• **Exercise data**:
--------------------------------------------------
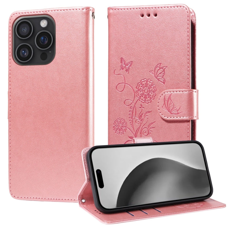 Funda de Cuero iPhone 16 Pro Diseño Mariposas y Flores En Relieve (Oro Rosa)
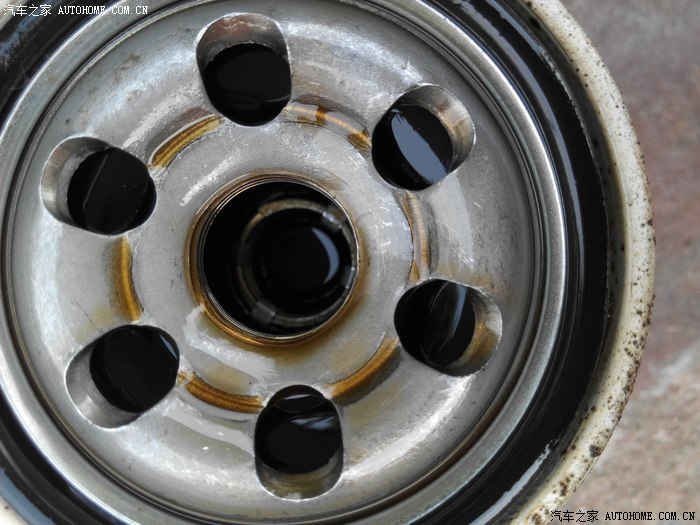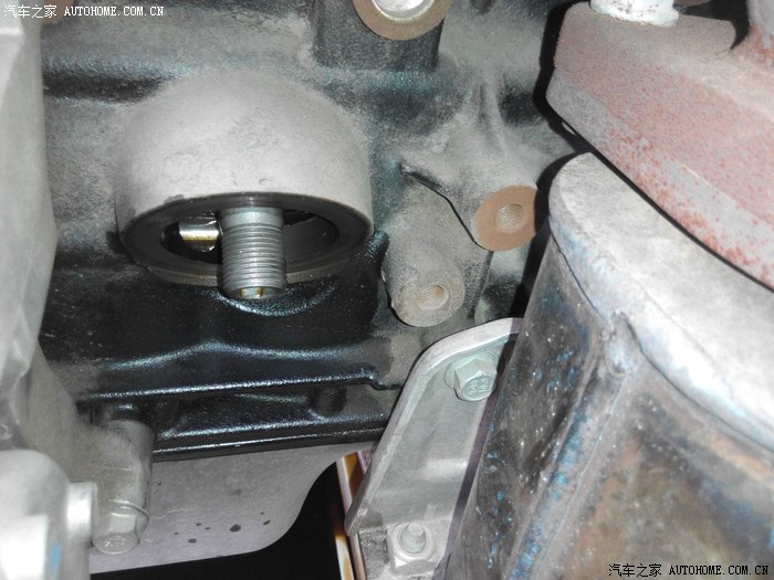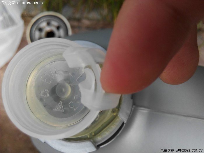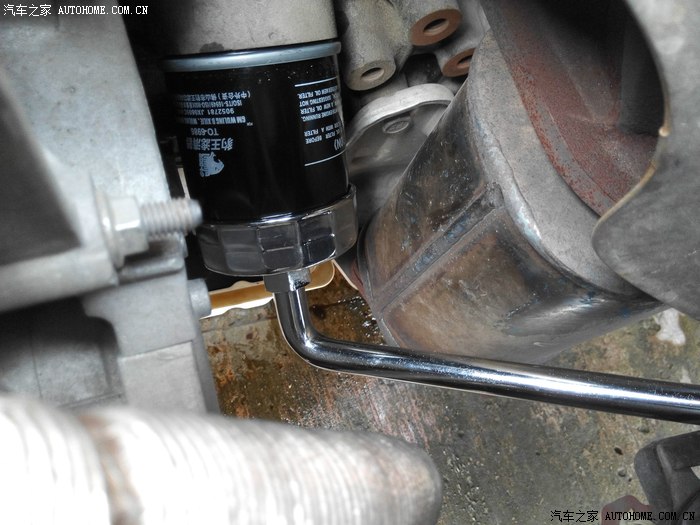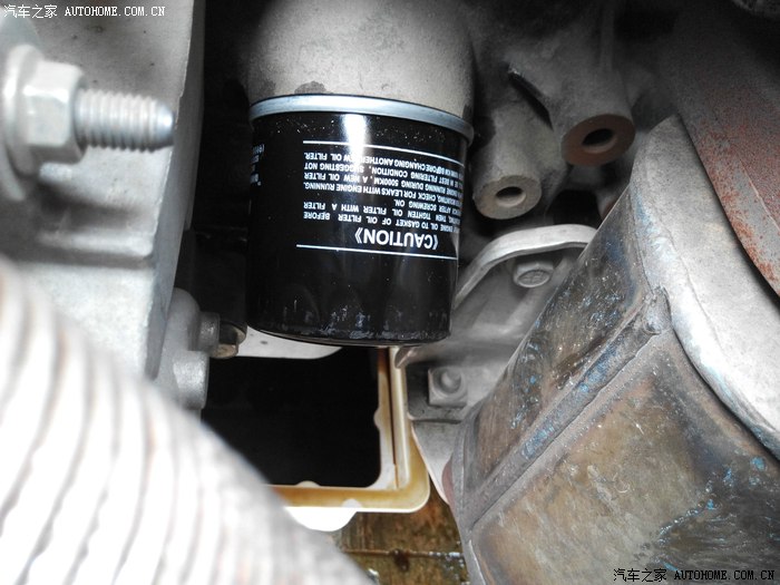 等一会机油放的差不多了~拆卸机油滤芯~逆时针旋转几下~然后用手拧下即可~戴上手套~否则烫手哦
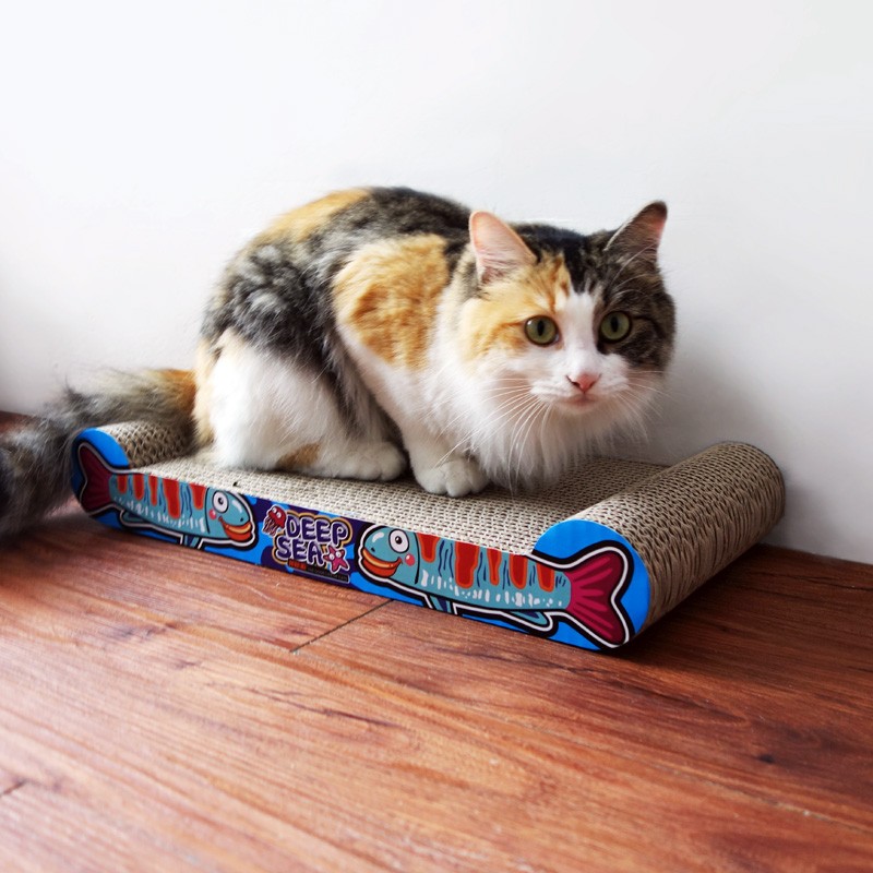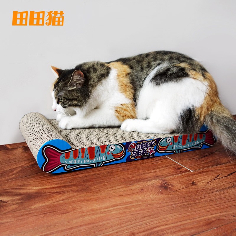 田田猫平板瓦楞纸耐抓耐磨幼猫玩具猫抓板猫磨爪猫沙发猫用品 骨头深海蓝
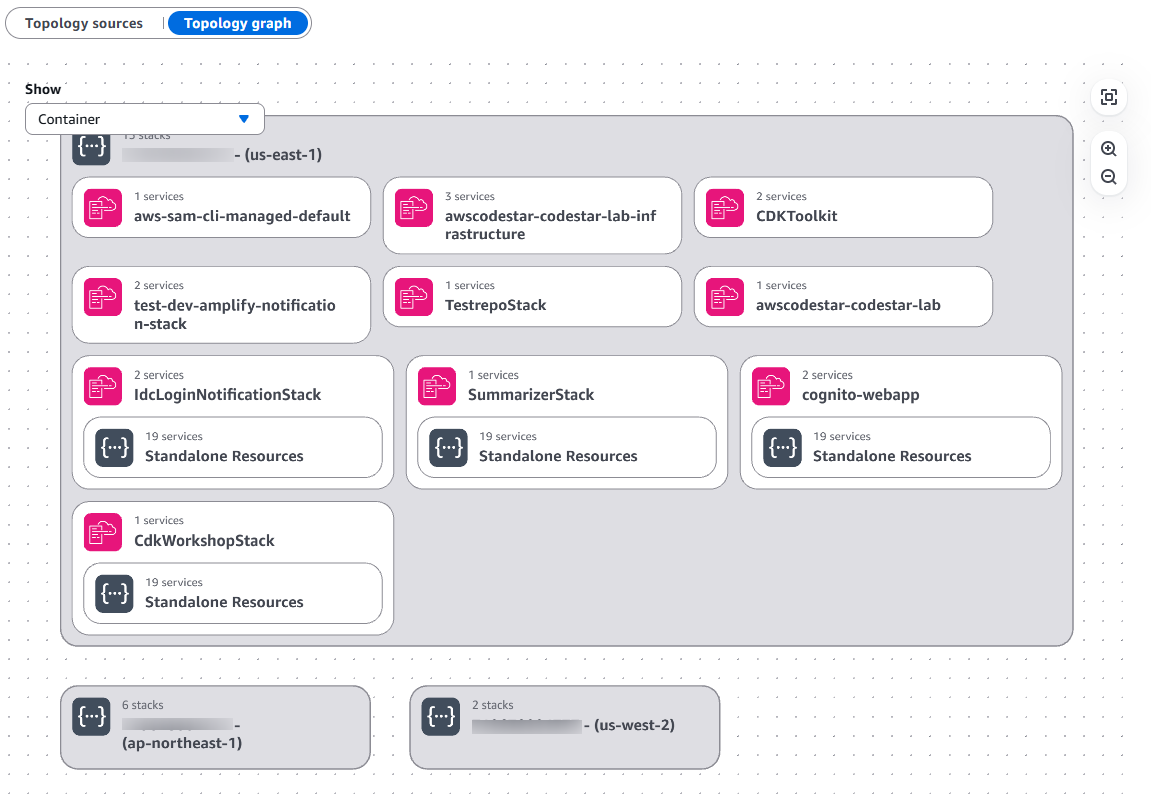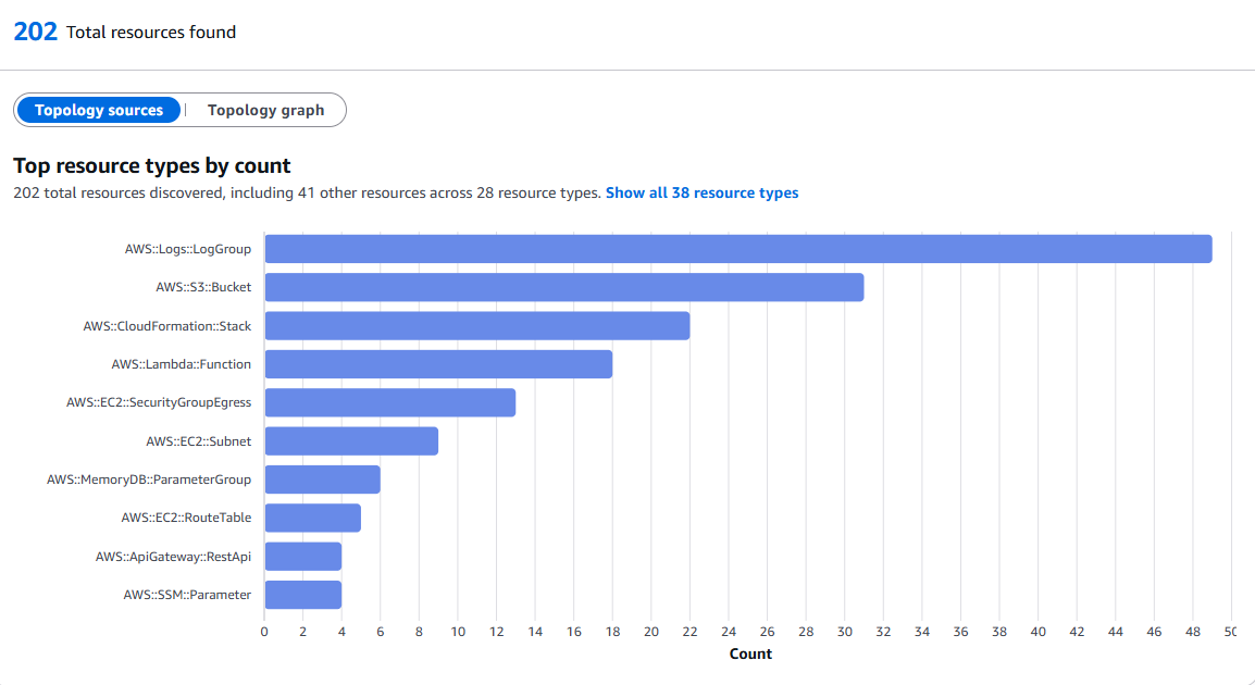 スペース作成完了と同時にトポロジーの作成が開始します。先ほど作成したプライマリアカウントロールを利用してAWSアカウントのリソースを読み取ります。
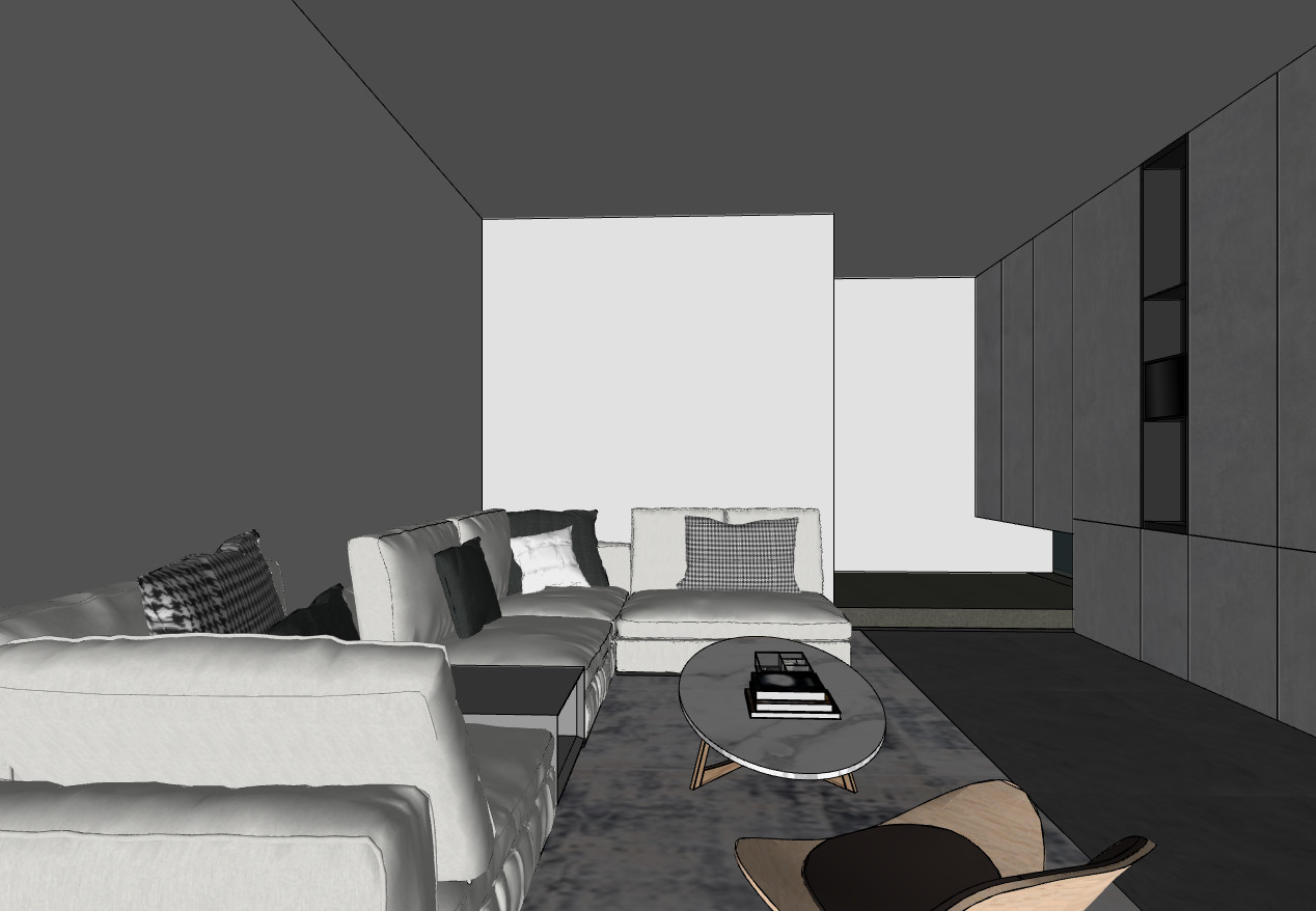此处为休息区的嵌入式电视机墙体,我们需考虑电视机外观尺寸,安装背架款式及受力重量,计算后得出墙体需要砌筑的厚度,并要求施工方增加两条轻钢龙骨架加固电视背板。
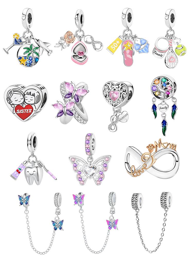 Медь Сестра Любовь Сердце Бабочка Роза Подвеска Шармы Бусины Подходят Оригинальный Пан Браслет Браслет Сделай сам Ювелирные изделия
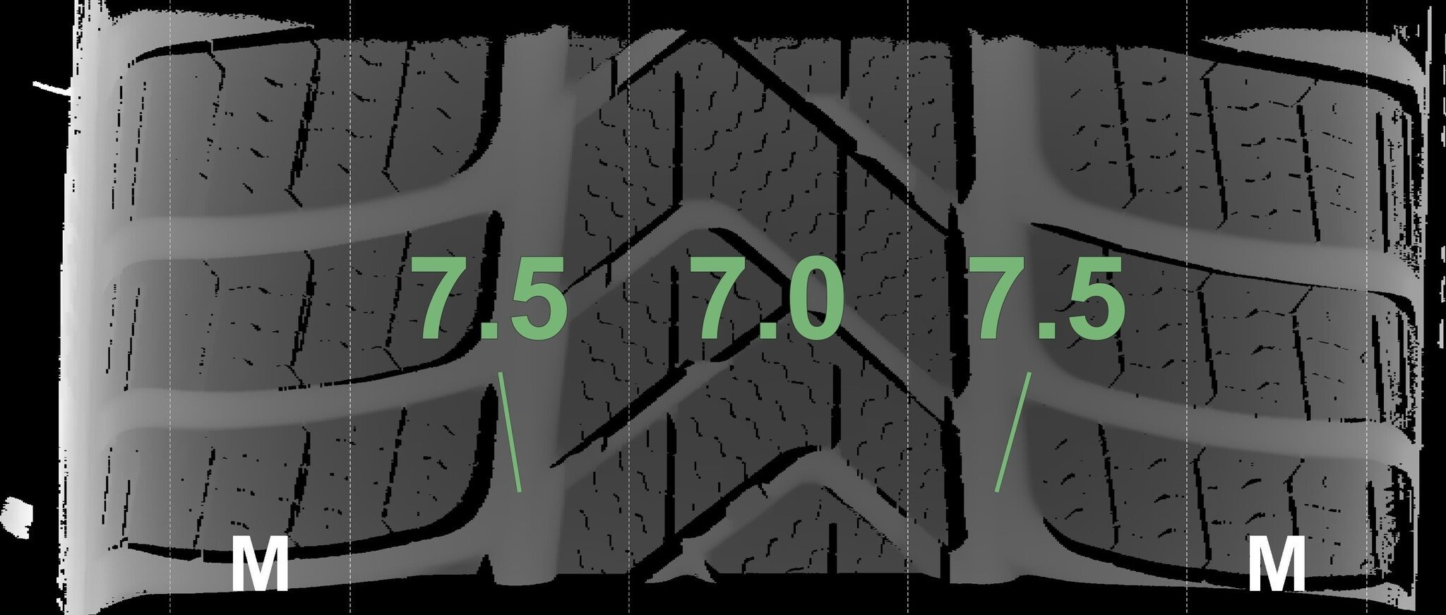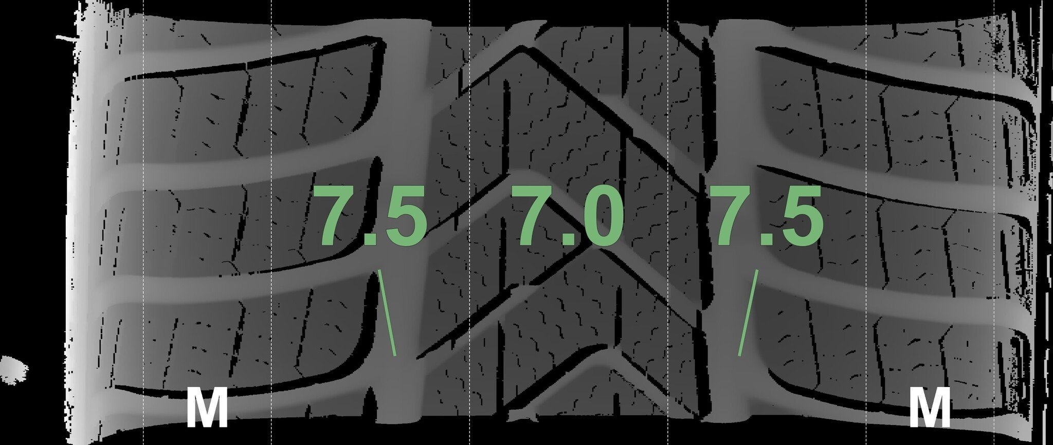 | Zustand | Profiltiefe | DOT | Vorderachse Links | Neu | 7.3 mm | 4721 |
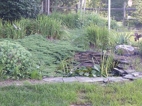 Immaculate 3BR+loft (potential 4th bedrm)/3.5 bath SFH home..2-story foyer..HW flooring..Custom barn sliding doors..Wood-burning FP..Eat-in kitchen w/ island & exit to extensively landscaped yard, pond & playhouse w/ electric..MB w/ cathedral ceiling, walk-in closet & large MBA w/ jacuzzi tub..Owned, income-generating solar panels..5-yr roof (2016)..New W/D (2014)..Surround sound,DR & pool table
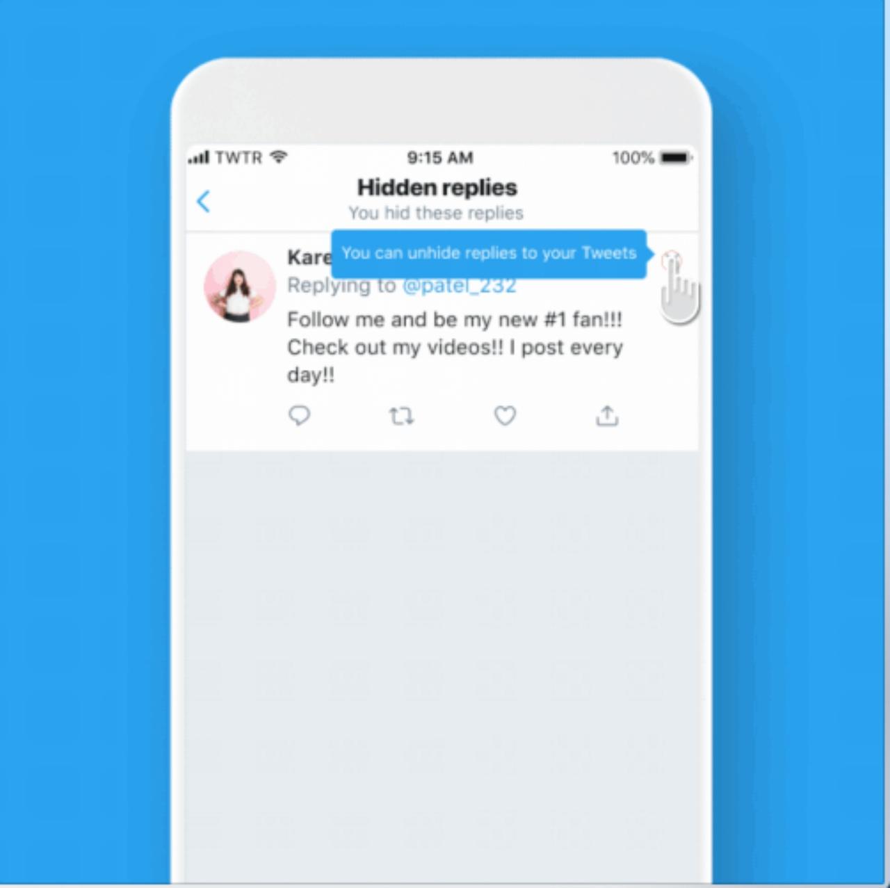 สำหรับผู้ใช้งานทุกคนสามารถเลือกซ่อนการตอบกลับการทวีตนี้ได้แล้ว โดยจะยังคงเห็นและสามารถร่วมแสดงความคิดเห็นต่อการตอบกลับที่ถูกซ่อน ด้วยการกดไอคอนสีเทาที่ปรากฏอยู่บนทวีต วิธีนี้จะช่วยให้เจ้าของทวีตสามารถควบคุมการสนทนาได้ ในขณะที่คนอื่นๆ ก็ยังสามารถเห็นข้อความในการสนทนานั้นได้ทั้งหมด
--------------------------------------------------
• **Task details**:
Using the records above, copy exactly and only the lines from the line with "mm | 4721 |" through the end, both included; leave every picture out.

• **Task answer**:
 | Zustand | Profiltiefe | DOT | Vorderachse Links | Neu | 7.3 mm | 4721 |
 Immaculate 3BR+loft (potential 4th bedrm)/3.5 bath SFH home..2-story foyer..HW flooring..Custom barn sliding doors..Wood-burning FP..Eat-in kitchen w/ island & exit to extensively landscaped yard, pond & playhouse w/ electric..MB w/ cathedral ceiling, walk-in closet & large MBA w/ jacuzzi tub..Owned, income-generating solar panels..5-yr roof (2016)..New W/D (2014)..Surround sound,DR & pool table
 สำหรับผู้ใช้งานทุกคนสามารถเลือกซ่อนการตอบกลับการทวีตนี้ได้แล้ว โดยจะยังคงเห็นและสามารถร่วมแสดงความคิดเห็นต่อการตอบกลับที่ถูกซ่อน ด้วยการกดไอคอนสีเทาที่ปรากฏอยู่บนทวีต วิธีนี้จะช่วยให้เจ้าของทวีตสามารถควบคุมการสนทนาได้ ในขณะที่คนอื่นๆ ก็ยังสามารถเห็นข้อความในการสนทนานั้นได้ทั้งหมด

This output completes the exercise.